TCM Classic Film Festival 2012: A Conversation with Thelma Schoonmaker

Since I’m at the TCM Classic Film Festival, and you will be soon, could you talk a little bit a Hugo and its role in this resurgence in the popularity of silent cinema and classic cinema in general, of people remembering who Méliès is again. They’re doing a great screening of Méliès’s film A Trip To The Moon on Sunday. How do feel about that part of that film?

TS: It was just a joy to be making it, frankly. First of all we’re passionate fans of the silent cinema. Michael Powell was one of the people who got Scorsese to start looking at silent films and he had grown up in the silent era, so he knew how great it was, what great artistry had been laid down there – most of which is lost now, unfortunately. We always wanted to celebrate silent film and it was great chance for us to finally do that in a very emotional way. I don’t think we though the film would have such an emotional wallop at the end, but the wonderful actors and the way Marty directed them gave us that fantastic emotional end to the movie.

Scorsese’s recreation of a Méliès film in Hugo

Really, the movie is about all that Scorsese has done over the years to resurrect the careers of great directors like Michael Powell, who is only one of the many that Scorsese has reached out to and encouraged people to look at their films. When we were making the movie, I was describing it to somebody who came into our editing room and I said, “You know this story of Georges Méliès being rescued from oblivion really is a distillation of everything Marty has been doing for year.” Marty said, “oh I didn’t realize that.” [laughs]

But it is, it’s this wonderful story of how great art will live on forever, despite the personal sacrifices people have to make for it. In this case, it had such a happy ending – as it did with Michael Powell.

Thelma Schoonmaker working on Raging Bull

Could you speak a little bit about how film editing as traditionally been a woman’s job – there have been women film editors since there were film editors., could you speak briefly on that?

TS: You’re saying there are a lot of women who are drawn to film editing?

Yeah.

TS: I’m glad you’re saying that because a lot of people say just the opposite, which is not true. One of the first people who ever won an Oscar for editing was Cecile B. DeMille’s editor, Anne Bauchens, who was a woman. I think what happened was that women, in the days before there was editing, when they first started filmmaking, there was just these hundred foot rolls of film and they would just film a train coming into the station like in Hugo and that was it; there were no cuts.
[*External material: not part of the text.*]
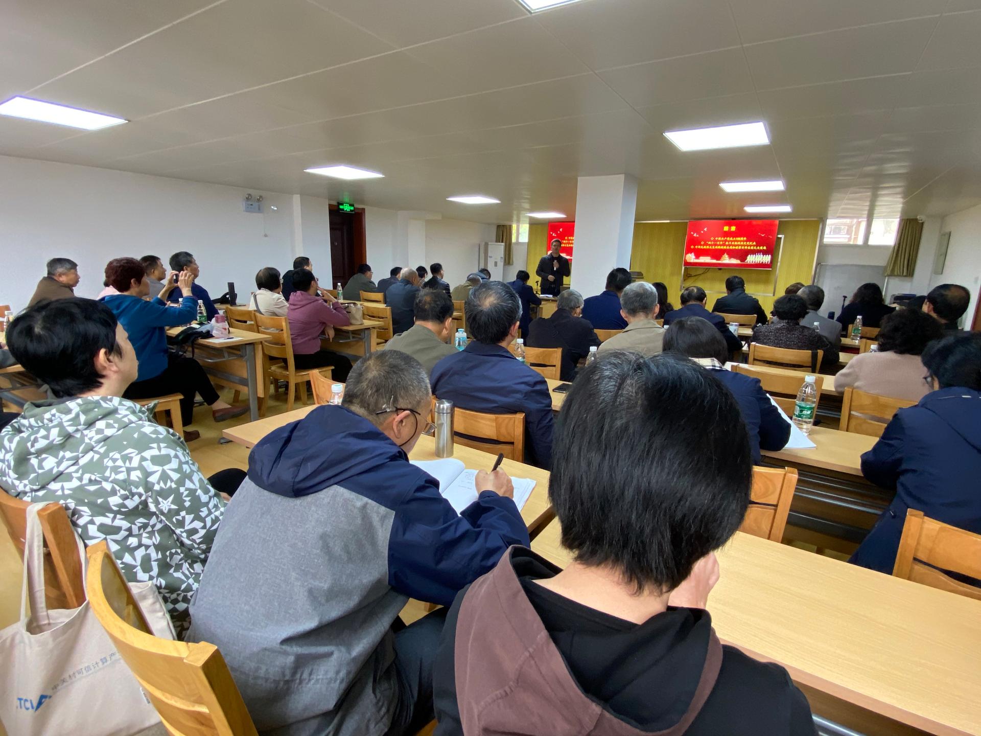 离退休领导班子全体成员、党工委委员、各支部书记及委员、离退休工作处全体人员听取宣讲。

But great filmmakers like D. W. Griffith in America and Eisenstein in Russia just started editing and when that happened I think women had probably been rolling the film in the labs – the negative being developed and prints being made – they were probably brought in to start making splice, which in those days they did what we call a hot splice with cement, it was like a liquid glue. Probably women began being editors because of that, because they were brought out of the labs, is my supposition. Then when it became sort of significant part of filmmaking and probably people were beginning to make good salaries at it, I think men said this is something I should get into and I think women were sort of shoved aside a bit at first in the 30s and 40s.

But then came back strong in the period when I began to be a filmmaker in the 60s and 70s. Dede Allen and Margaret Booth and Verna Fields. These were all women who had substantial careers. I think that we cooperate better, possibly, with directors who have strong egos. It’s not such a battle, an ego battle over the film. I do think that’s a very strong, positive thing that women bring to a collaboration with a director.

That’s wonderful.

TS: Thank you so much, you asked great questions.

Thank you for talking with me, I really appreciate it and I hope you enjoy L.A. when you get out here. It’s rainy, bring an umbrella.

TS: Make sure you watch The Life and Death of Colonel Blimp when it comes to San Francisco.

I’m going to be like a hawk now, thank you for telling me about that.

2 Responses

  1. It’s amazing that you got this interview! Great work! and Colonel Blimp is a fantastic movie.

  2. Great interview! I always wanted to know more about her. I think she loved your enthusiasm as well as your smarts.